APPARITION DU DRIVER DANS LES LOGS WINPMEM

Une fois la capture de mémoire à disposition, l’investigation peut démarrer.

Volatility possède un certain nombre de plugins pour analyser les processus en cours d’exécution sur le dump, une comparaison de ces plugins peut être réalisée de la manière suivante :

LANCEMENT DES DIFFÉRENTS PLUGINS DE DÉTECTION DE PROCESSUS

En analysant les résultats, seuls les plugins psscan et psxview ont trouvé l’existence de notre processus caché.

DÉTECTION DU PROCESSUS PAR PSSCAN ET PSXVIEW

La documentation de ces plugins permet de comprendre l’apparition ou non du processus caché dans les résultats de ces derniers.
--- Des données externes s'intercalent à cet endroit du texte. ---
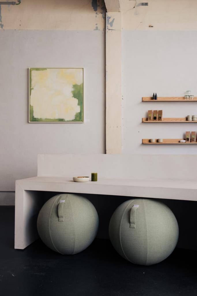Met haar studio Peelvrouw nam de designer onder meer het interieur van slowdownclub Oaas onder handen. ‘Deze koffie- en lunchzaak moest een echte oase worden, een plek waar je een moment voor jezelf kunt nemen en de prikkels van de stad achter je kunt laten. We hebben de ruimte bewust opgedeeld, zodat je je stemming kunt kiezen. Er zijn tafeltjes voor gezelschappen, gezellige hoekjes en zelfs zitballen voor wie alleen is. Het kleurgebruik is sereen en de materialen hoofdzakelijk natuurlijk, ook daarmee wilden we een meer ontspannen en rustgevend gevoel oproepen.’

pslist – détection des processus via parcours de la liste doublement chaînée (cible de l’attaque)

pstree – utilise la même technique que pslist, présente simplement les résultats différemment

psscan – scanne la mémoire à la recherche de structures _POOL_HEADER (groupement de pages mémoire) pour identifier les processus qui y sont associés

psxview – combinaison de plusieurs techniques, une par colonne :

  • pslist parcours de la liste doublement chaînée
  • psscan _POOL_HEADER scan
  • thrdproc thread scan, récupère la liste des _KTHREAD utilisée par le scheduler (ne peut être modifiée comme indiqué précédemment) et la parcoure à la recherche des _EPROCESS associés
  • pspcid
  • csrss csrss.exe maintient une liste indépendante des processus qui peut être récupérable en scannant sa mémoire
  • session
  • deskthrd

Psxview est en quelque sorte le plugin le plus rapide et efficace pour la détection des processus cachés, il offre la plus grande couverture parmi les autres modules de Volatility.

Il est maintenant établi que dans cette capture, le processus caché s’appelle virus.exe et a le PID 4952, l’investigation peut continuer.

Le PID ne peut être utilisé directement par les plugins de Volatility dans le cas d’un processus caché de cette manière, la référence à utiliser doit être son offset mémoire.

TENTATIVE DE RÉCUPÉRATION DES HANDLES VIA PID

L’offset mémoire (P pour physique) peut être passé à la quasi totalité des plugins Volatility pour identifier un process, en lieu et place de son PID.

Avec cette information il est par exemple possible de récupérer :

  • les handles ouverts vers des ressources du système d’exploitation (fichier, clé de registre…).
RÉCUPÉRATION DES HANDLES EN UTILISANT L’OFFSET MÉMOIRE DU PROCESSUS
  • La ligne de commande à l’origine du processus
RÉCUPÉRATION DE LA LIGNE DE COMMANDE ASSOCIÉE AU PROCESSUS

Le driver/rootkit peut également être récupéré dans le dump de mémoire.

Références


Direct Kernel Object Manipulation. Jamie Butler, Black Hat 2004.
The Rootkit Arsenal, Escape and Evasion in the dark Corners of the System. Bill Blunden, 2013.
FU rootkit source code, Jamie Butler.
FUTo rootkit source code, Peter Silberman.
Windows Internals, Mark Russinovich, David A. Solomon, Alex Ionescu, 2012.